Tuesday 29 December 2020

Iceland gull, Rockcliffe, Cumbria


Travelling back from working in Scotland today and in a desire to avoid service stations, I decided to have a quick pit stop at Rockcliffe in Cumbria. There's been a juvenile Iceland gull on the River Eden here for a week or so, and it was showing quite well today in the late afternoon, albeit against the harsh light of the setting winter sun. Perfect timing for my first Iceland gull of the year, it really was bitter today.

In October 1994 I also called in here with my Dad on our way to Caerlaverock to see what was my first greater yellowlegs.

Musselburgh


Over the past few years, Musselburgh just east of Edinburgh on the Firth of Forth has become one of my favourite birding places. The main reason for this is the sea ducks. For an inland west coast birder who has to make do with the occasional 1st winter long-tailed duck on the local lake or very distant scoter on the North Wales coast, it's a dream to see velvet scoter close enough to be able to identify them without waiting for them to fly or adult male and female long-tailed ducks in immaculate winter plumage.

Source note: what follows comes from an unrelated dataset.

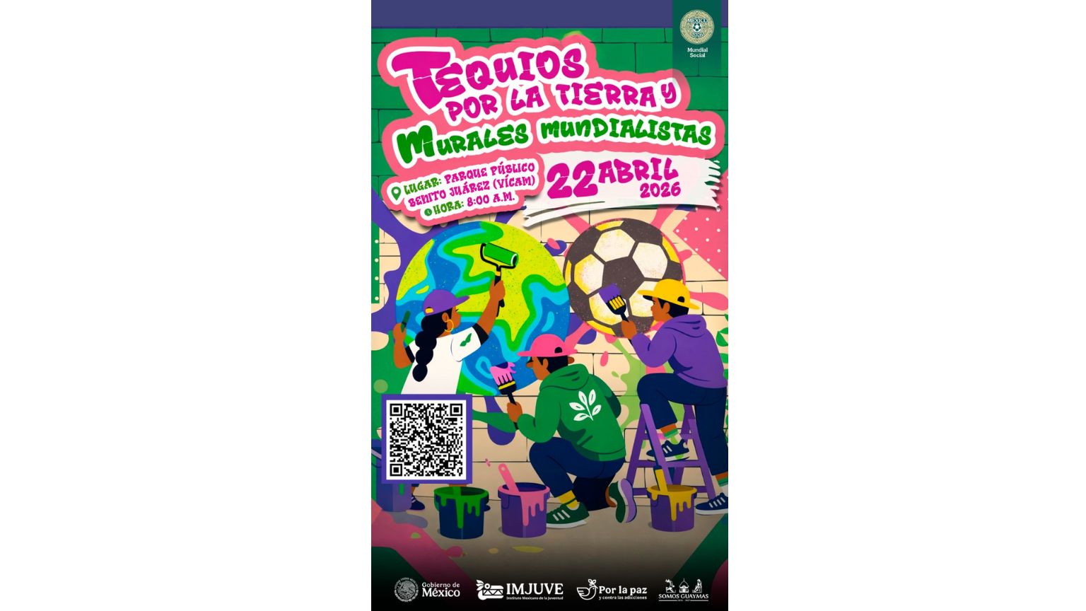 Alejandro Ruiz Fonseca, titular de la dependencia, informó en conferencia de prensa, que esta jornada se realizará en el parque público Benito Juárez en el marco del Día de la Tierra y del Mundial Social, por lo que invitó a las y los jóvenes a sumarse a este evento, que contempla las categorías Tequios por la Tierra, Murales Mundialistas y Tequios y Murales.

A scan over the sea from the mouth of the River Esk will reveal at least 30 or 40 velvets at quite close range and occasionally a few might be really close, so that you can clearly see features which you can only imagine from the majority of North Wales lookouts, such as the white tick behind the eye and perhaps even the white eye ring. If you're really lucky they might be joined by an American white-winged scoter which is very similar to the velvets but with a different bill structure and colour, and an even larger white tick. No such luck today, apparently it's been hit and miss this winter, but I was compensated by another American bird, an adult drake surf scoter. This is a bird which I have seen many times from the North Wales coast, with sometimes up to five birds in amongst the thousands of common scoter which congregate off that coast, but they're always at best distant and I've never seen then as well as at Musselburgh. My first surf scoter was from Llanfairfechan in 1983 and I remember commenting at the time that it looked like a coot in amongst the scoter. It was basically just a black dot with a white forehead. At Musselburgh they are revealed as a strikingly impressive bird, the males with completely black plumage with an orange bill and big white patches on the eider shaped head. Speaking of eiders, several are present offshore.

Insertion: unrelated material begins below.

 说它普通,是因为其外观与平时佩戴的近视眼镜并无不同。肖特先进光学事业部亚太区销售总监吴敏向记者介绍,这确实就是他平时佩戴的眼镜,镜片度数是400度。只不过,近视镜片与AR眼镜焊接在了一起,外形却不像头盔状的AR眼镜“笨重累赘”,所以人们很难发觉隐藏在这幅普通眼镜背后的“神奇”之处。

Long-tailed duck are also present as are goldeneye, wigeon and a few Slavonian grebes. The adult male long-tailed ducks are like a different species to the smudgy and rather oiled looking young birds we sometimes see locally, with sharp black, white, grey and pink plumage and a black bill with a pink band, plus a long tail as well of course! In spring I often see them chasing each other around but not today. 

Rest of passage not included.